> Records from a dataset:
-- Opening Marker --

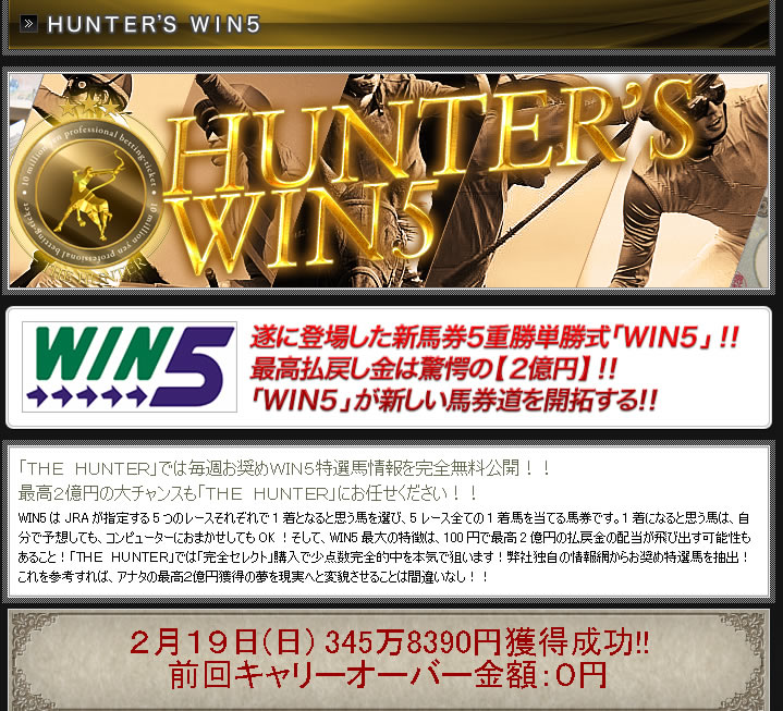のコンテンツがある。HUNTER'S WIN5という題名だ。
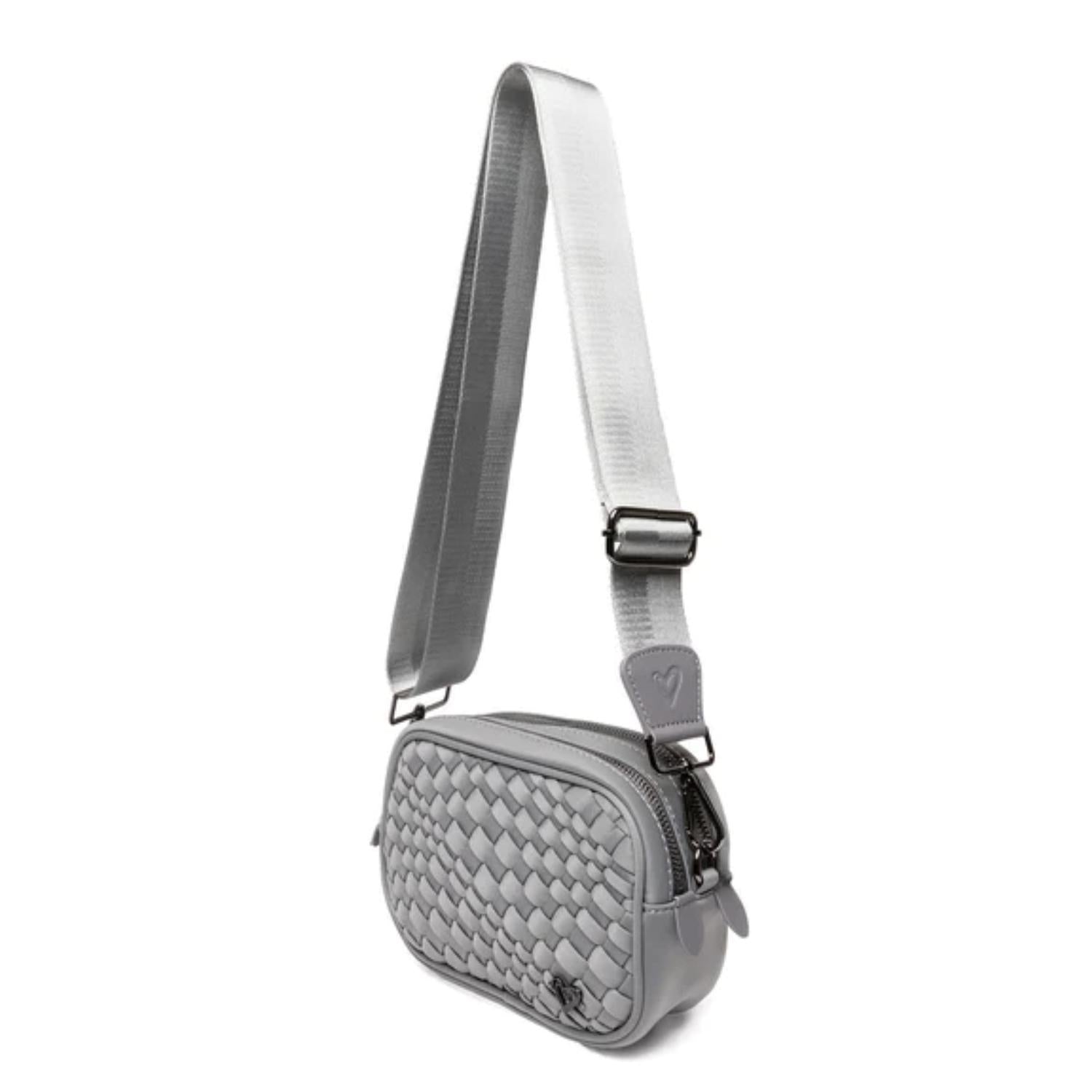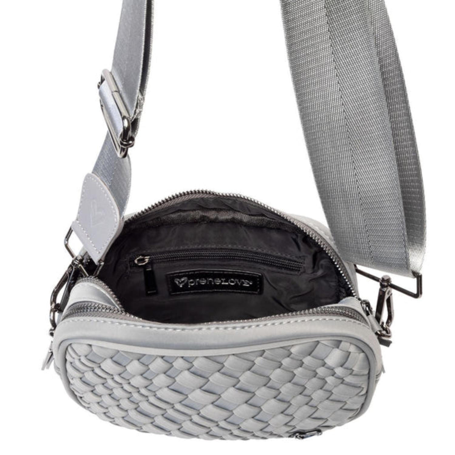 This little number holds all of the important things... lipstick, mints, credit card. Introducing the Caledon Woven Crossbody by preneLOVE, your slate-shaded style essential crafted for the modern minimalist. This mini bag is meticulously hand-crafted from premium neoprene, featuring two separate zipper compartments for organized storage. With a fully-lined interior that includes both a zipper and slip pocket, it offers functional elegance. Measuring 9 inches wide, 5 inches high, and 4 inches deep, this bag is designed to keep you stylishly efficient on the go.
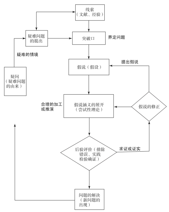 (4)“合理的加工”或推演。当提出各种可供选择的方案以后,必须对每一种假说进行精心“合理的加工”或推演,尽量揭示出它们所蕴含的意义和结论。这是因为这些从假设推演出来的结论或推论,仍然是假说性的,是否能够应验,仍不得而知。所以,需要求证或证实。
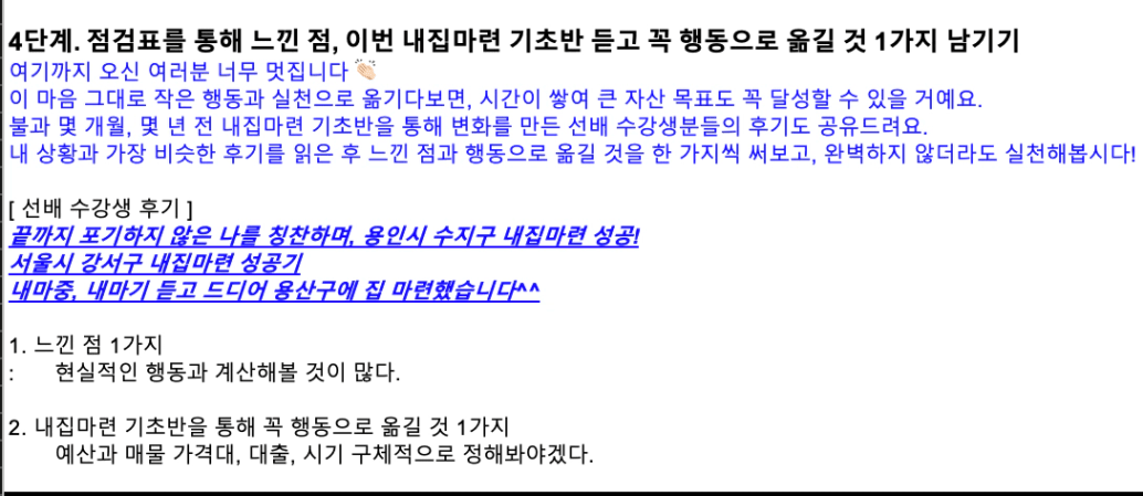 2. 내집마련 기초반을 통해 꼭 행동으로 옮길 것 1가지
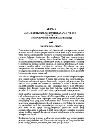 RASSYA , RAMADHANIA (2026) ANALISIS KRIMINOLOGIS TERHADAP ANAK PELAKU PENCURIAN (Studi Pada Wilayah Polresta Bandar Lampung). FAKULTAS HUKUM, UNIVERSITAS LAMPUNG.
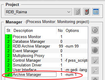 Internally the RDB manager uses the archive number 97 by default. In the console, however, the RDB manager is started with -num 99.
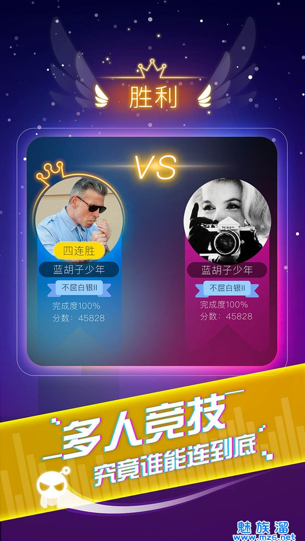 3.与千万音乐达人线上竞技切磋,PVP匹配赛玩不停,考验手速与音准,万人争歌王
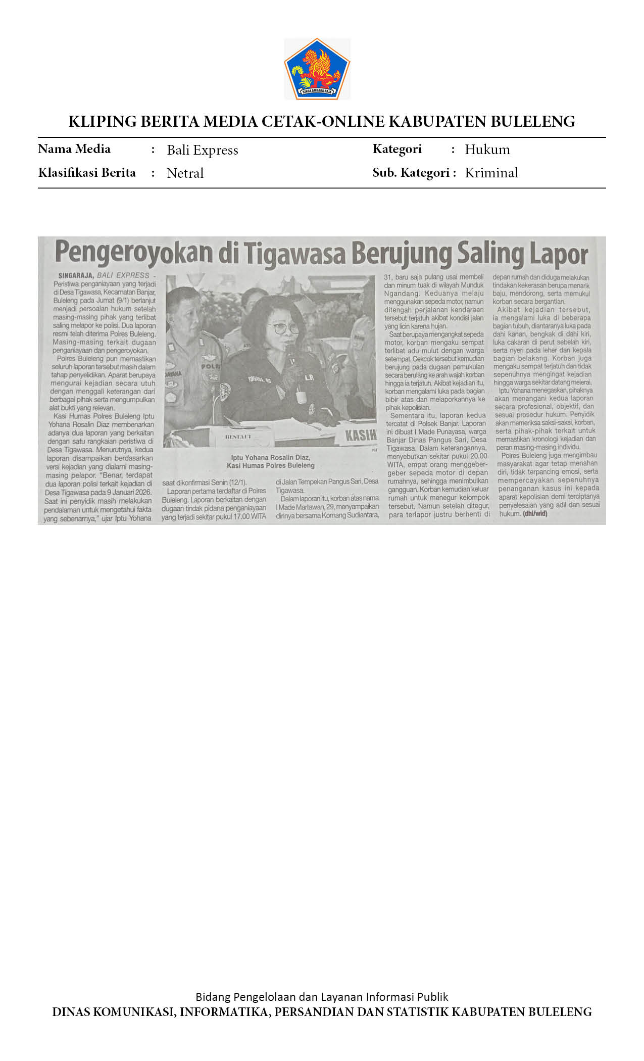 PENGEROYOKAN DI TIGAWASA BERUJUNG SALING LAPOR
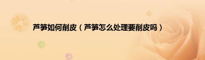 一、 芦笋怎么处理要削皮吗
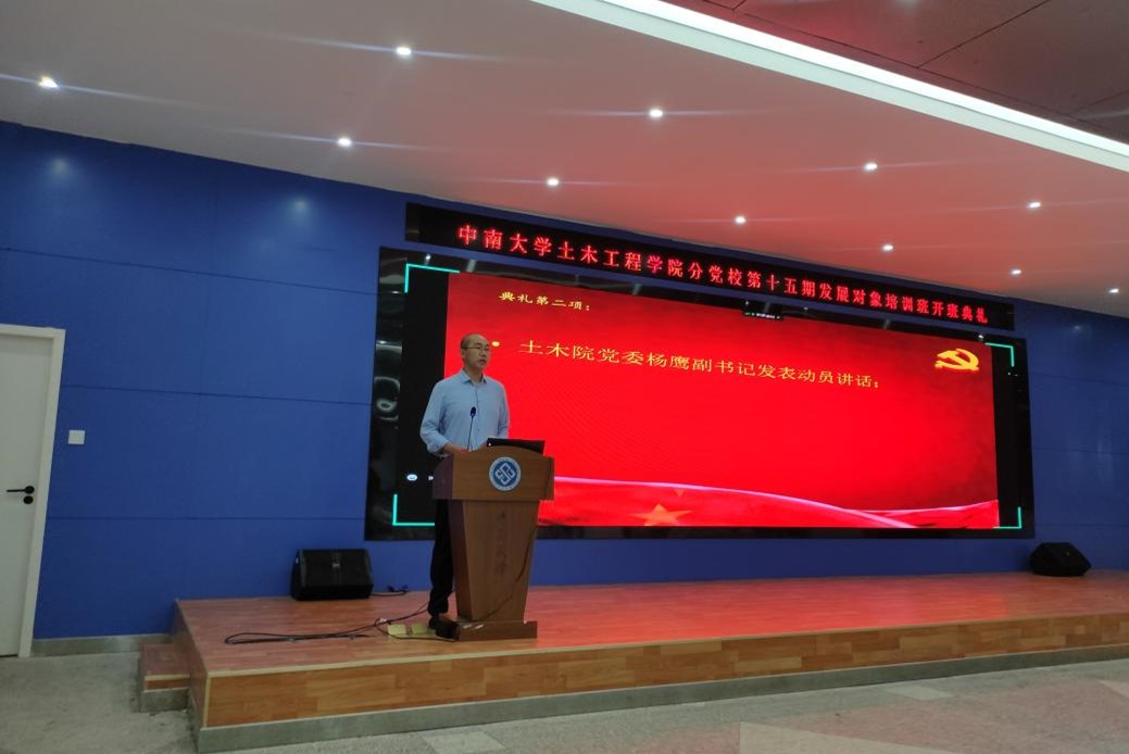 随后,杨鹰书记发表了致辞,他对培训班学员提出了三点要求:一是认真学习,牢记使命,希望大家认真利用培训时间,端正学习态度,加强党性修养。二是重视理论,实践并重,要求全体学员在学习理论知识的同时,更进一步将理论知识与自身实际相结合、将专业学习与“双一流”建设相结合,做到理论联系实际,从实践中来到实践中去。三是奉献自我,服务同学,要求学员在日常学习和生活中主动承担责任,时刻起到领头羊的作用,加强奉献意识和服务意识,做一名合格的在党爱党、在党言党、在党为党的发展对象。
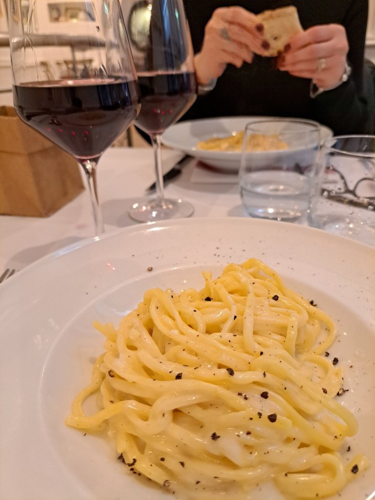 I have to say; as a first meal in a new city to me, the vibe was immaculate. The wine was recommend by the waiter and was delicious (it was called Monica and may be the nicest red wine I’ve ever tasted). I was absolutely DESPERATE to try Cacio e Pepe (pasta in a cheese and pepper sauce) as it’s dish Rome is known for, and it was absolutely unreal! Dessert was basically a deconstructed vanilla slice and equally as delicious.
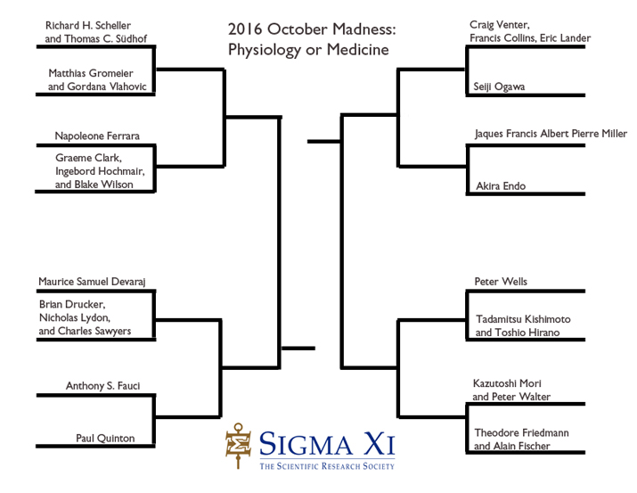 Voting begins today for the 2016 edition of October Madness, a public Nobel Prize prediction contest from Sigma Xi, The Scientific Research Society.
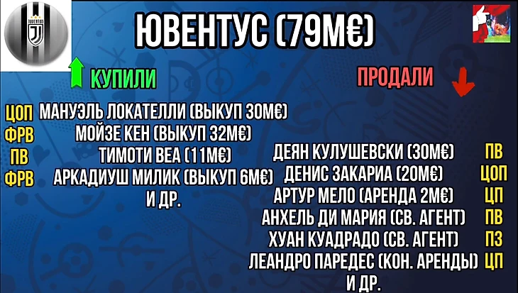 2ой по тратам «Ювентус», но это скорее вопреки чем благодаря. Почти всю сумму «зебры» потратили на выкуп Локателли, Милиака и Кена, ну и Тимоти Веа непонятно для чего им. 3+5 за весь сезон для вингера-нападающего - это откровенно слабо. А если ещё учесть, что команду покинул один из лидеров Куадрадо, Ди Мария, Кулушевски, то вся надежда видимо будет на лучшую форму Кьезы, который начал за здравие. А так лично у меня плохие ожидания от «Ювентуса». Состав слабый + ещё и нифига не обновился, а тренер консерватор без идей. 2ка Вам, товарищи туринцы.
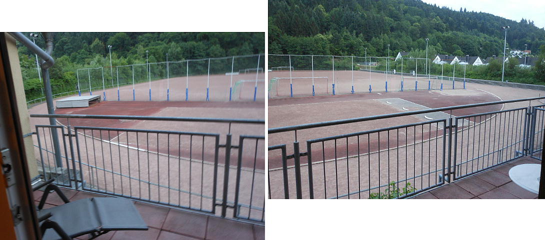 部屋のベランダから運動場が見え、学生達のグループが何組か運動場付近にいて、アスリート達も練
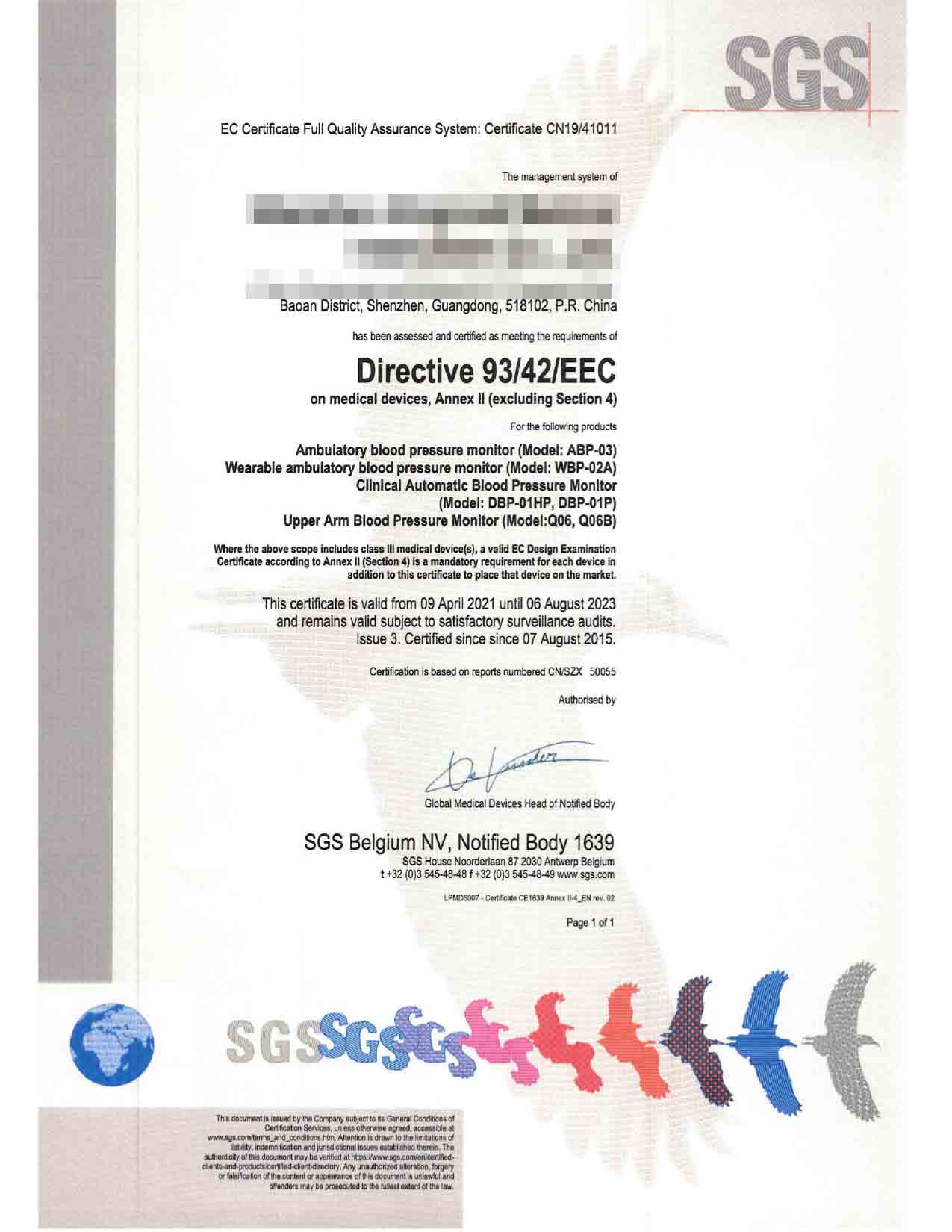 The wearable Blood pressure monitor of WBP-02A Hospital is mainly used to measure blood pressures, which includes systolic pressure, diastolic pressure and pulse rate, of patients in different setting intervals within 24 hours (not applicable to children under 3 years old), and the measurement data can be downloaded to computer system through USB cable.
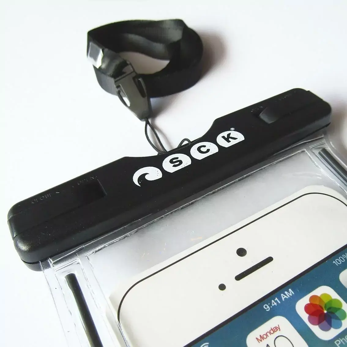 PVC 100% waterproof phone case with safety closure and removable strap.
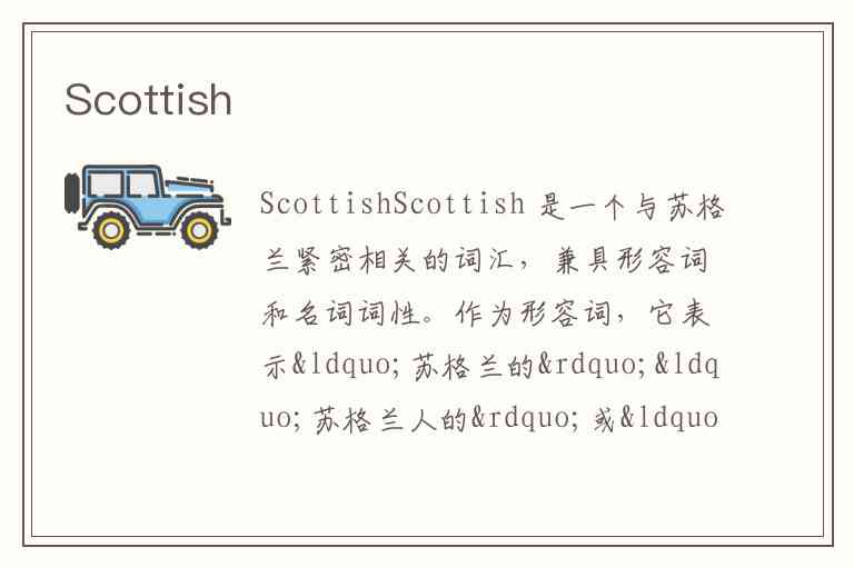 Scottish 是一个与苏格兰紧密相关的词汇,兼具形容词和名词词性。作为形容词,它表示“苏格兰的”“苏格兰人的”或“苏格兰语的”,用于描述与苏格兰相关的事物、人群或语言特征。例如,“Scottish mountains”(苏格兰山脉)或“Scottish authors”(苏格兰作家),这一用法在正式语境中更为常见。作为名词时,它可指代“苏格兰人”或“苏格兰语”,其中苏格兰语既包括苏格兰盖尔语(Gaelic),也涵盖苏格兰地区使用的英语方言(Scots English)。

-- Closing Marker --

> What is needed: Once the line with "Internally the RDB" is found in the data above, reproduce it and each line after it exactly, through the line with "随后,杨鹰书记发表了致辞,他". Omit the pictures.

> Exercise output:
 Internally the RDB manager uses the archive number 97 by default. In the console, however, the RDB manager is started with -num 99.
 3.与千万音乐达人线上竞技切磋,PVP匹配赛玩不停,考验手速与音准,万人争歌王
 PENGEROYOKAN DI TIGAWASA BERUJUNG SALING LAPOR
 一、 芦笋怎么处理要削皮吗
 随后,杨鹰书记发表了致辞,他对培训班学员提出了三点要求:一是认真学习,牢记使命,希望大家认真利用培训时间,端正学习态度,加强党性修养。二是重视理论,实践并重,要求全体学员在学习理论知识的同时,更进一步将理论知识与自身实际相结合、将专业学习与“双一流”建设相结合,做到理论联系实际,从实践中来到实践中去。三是奉献自我,服务同学,要求学员在日常学习和生活中主动承担责任,时刻起到领头羊的作用,加强奉献意识和服务意识,做一名合格的在党爱党、在党言党、在党为党的发展对象。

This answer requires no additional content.